Charcuterie fetish object

Diecast Meat Slicer

At the Art Deco exhibition at the National Gallery of Victoria I noticed a diecast meat slicer made by Hobart that looked as if it was developed for the charcuterie needs of 1950s astronauts. I immediately wondered if anything of the like was available in my price range. The answer is not even remotely.

But I did find the above on Ebay for $15.
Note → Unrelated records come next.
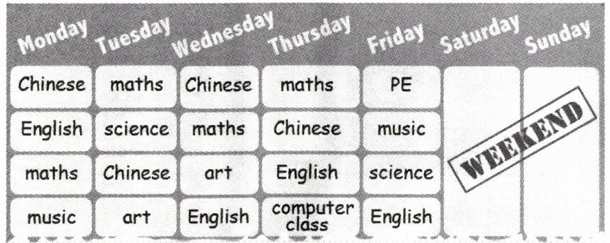 ②A: I have PE, music, science and ... B: Is it Monday/Friday?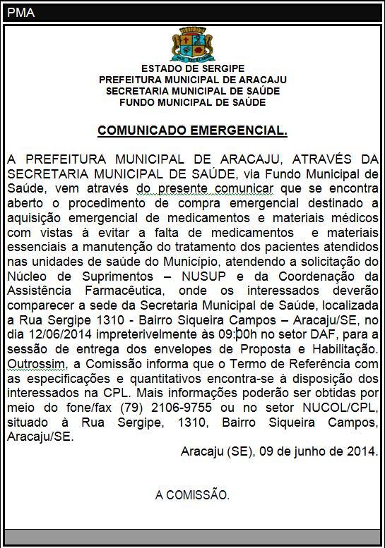 A Secretaria de Saúde de Aracaju abre procedimento para aquisição emergencial de medicamentos e materias médicos, para abastecimento das unidades de saúde da capital.
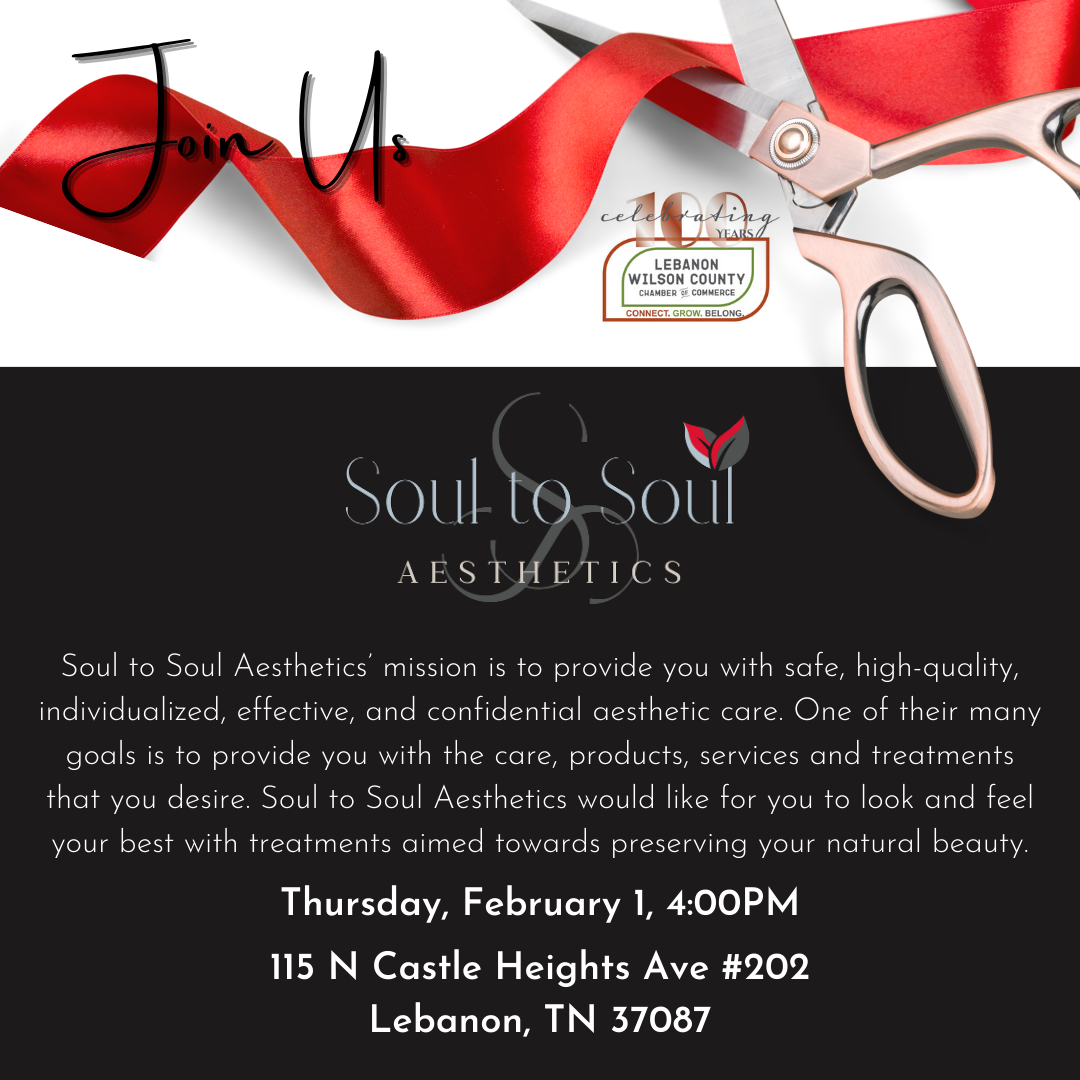 Soul to Soul Aesthetics Ribbon Cutting February 1, 2024 @ 4:00 pm - 5:00 pm CST 115 N Castle Heights Ave #202 Lebanon, TN 37087 115 N Castle Heights Ave #202, Lebanon, TN, United States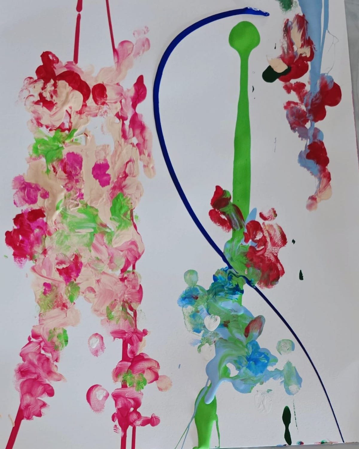 The vibrant strokes of pink, red, and soft green suggest floral shapes falling like blessings—petals drifting from a higher realm directly into the life of the figure forming within the movement of the lines.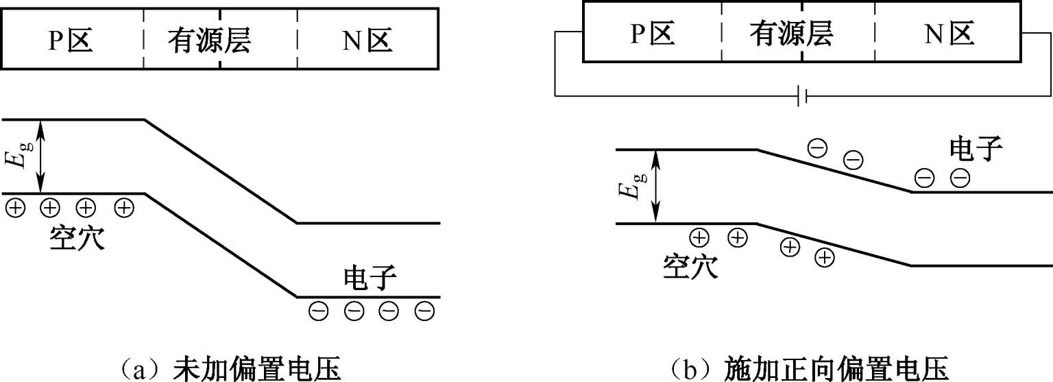 半导体发光二极管(LED)通常采用双异质结构,如图1-25 所示。当PN结上没有施加任何偏置电压时,电子与空穴中间隔着有源层,PN结两端的势垒较高,N型侧电子难以越过势垒,有源区几乎没有电子和空穴,器件处于热平衡状态。当在PN结两端加上正向偏压时,PN结两侧的势垒变小,有源层宽度变窄,大量电子与空穴进入有源层。电子受到外加电压的作用从低能级跃迁到高能级,形成粒子数反转分布状态。有源层的电子跃迁到价带与空穴复合,将多余的能量转换成光能,以光子的形式辐射出来,即自发辐射发光。
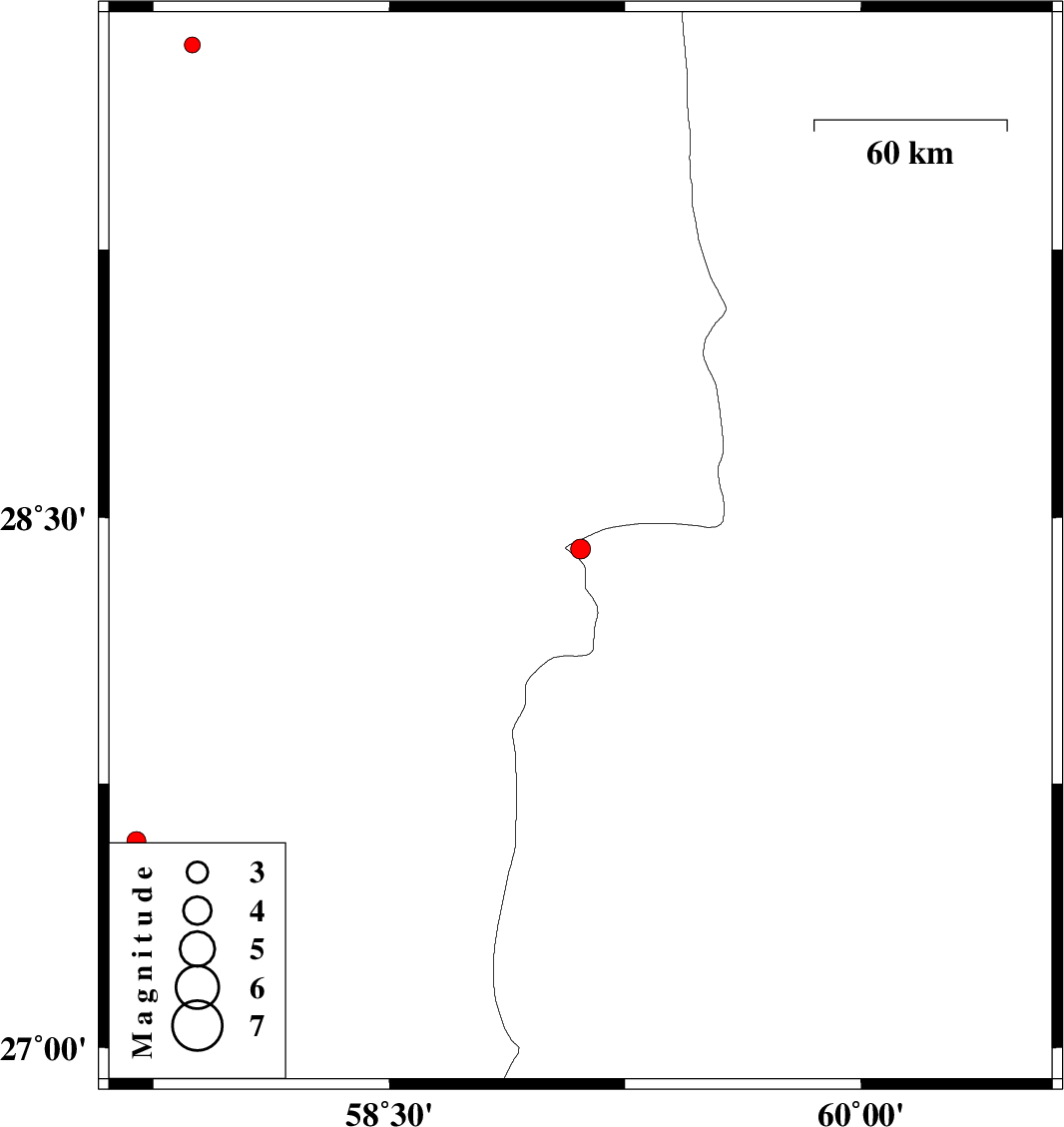 | 2015/11/26 | 22:46:46.8 | 02:16:46.8 | 27.588 | 57.695 | 14 | ML:2.7 | Kerman Province, 40 km South of Kahnuj | ||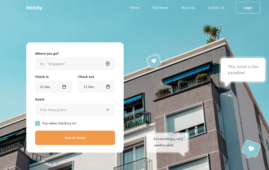 比如下面这个“酒店预订移动端网页设计模板”,先是使用饱和度较低的浅蓝色来塑造网站的使用氛围,而后通过白色蒙版进行功能提醒,给予用户舒适的使用体验。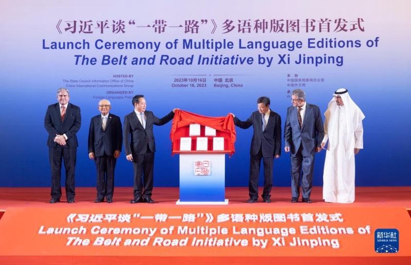 10月16日,《習(xí)近平談“一帶一路”》多語(yǔ)種版圖書(shū)首發(fā)式在京舉行,阿拉伯文、西班牙文、葡萄牙文、德文、日文版5種新書(shū)正式面向海內(nèi)外出版發(fā)行。這是中外嘉賓代表共同為《習(xí)近平談“一帶一路”》多語(yǔ)種版圖書(shū)揭幕。新華社發(fā)(陳建 攝)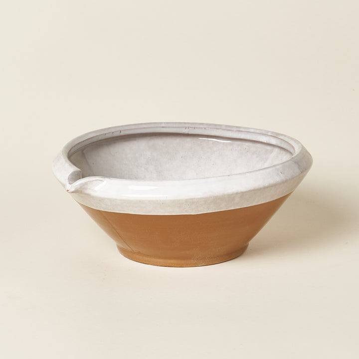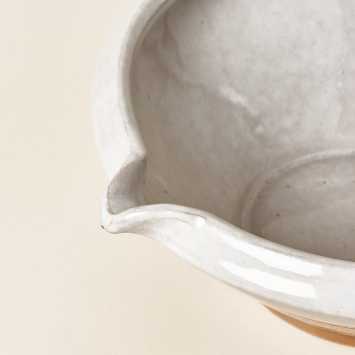 This unique bowl is a beautiful addition to any kitchen. Made out of stoneware, this batter bowl features a white reactive glaze finish on the interiors and a portion of the exterior of the bowl. Perfect for placing on kitchen counters, filling with fresh fruits or everyday items, and baking in style.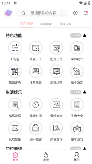 3、首页就可以看到各种的特色工具,划分非常详细;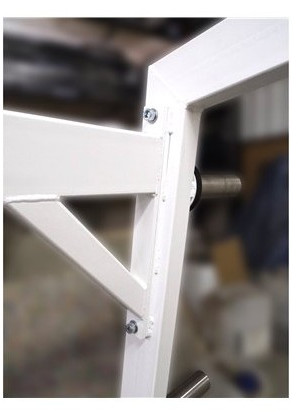 - Стойки-рамки и соединительные перекладины тренажёра изготовлены из стальной прямоугольной трубы 80х40х3 мм.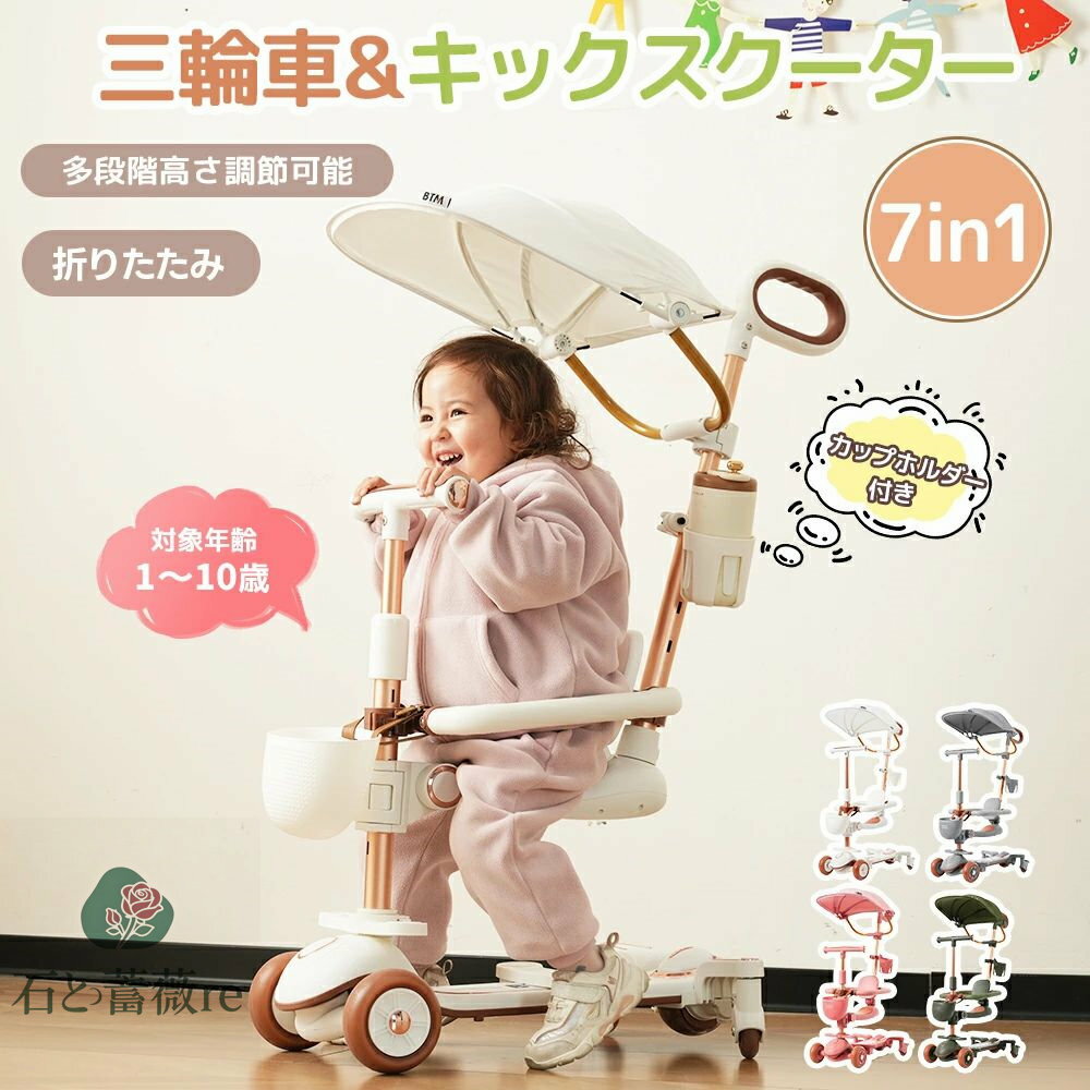 子供用三輪車 カバー ベビーカー 手押し棒付き バイク (ブルー)

Despite a nice patina of wear, the blade remains sharp. It slices through home-made bacon with ease. It shaves salami in thin, papery slices. It has a degree of difficulty that makes it a danger to use; a little like rubbing your stomach and patting your head at the same time while holding a fistful of razor blades in one hand and a ham in the other. In other words, my idea of a perfect utensil.

Diecast Meat Slicer, clamp detail
Detail of the clamp. I like that the designers added an overhanging lip that secures the meat slicer to the edge of the table.


I’d love to know any more details out there about this diecast meat slicer. Beneath the slicer the imprint reads:

Automatic Production Limited
Repetition & Manufacturing


Registered Design No. 42073

There is no date, but I’d take a guess from the fonts used on the side of the slicer that it is from the 50s.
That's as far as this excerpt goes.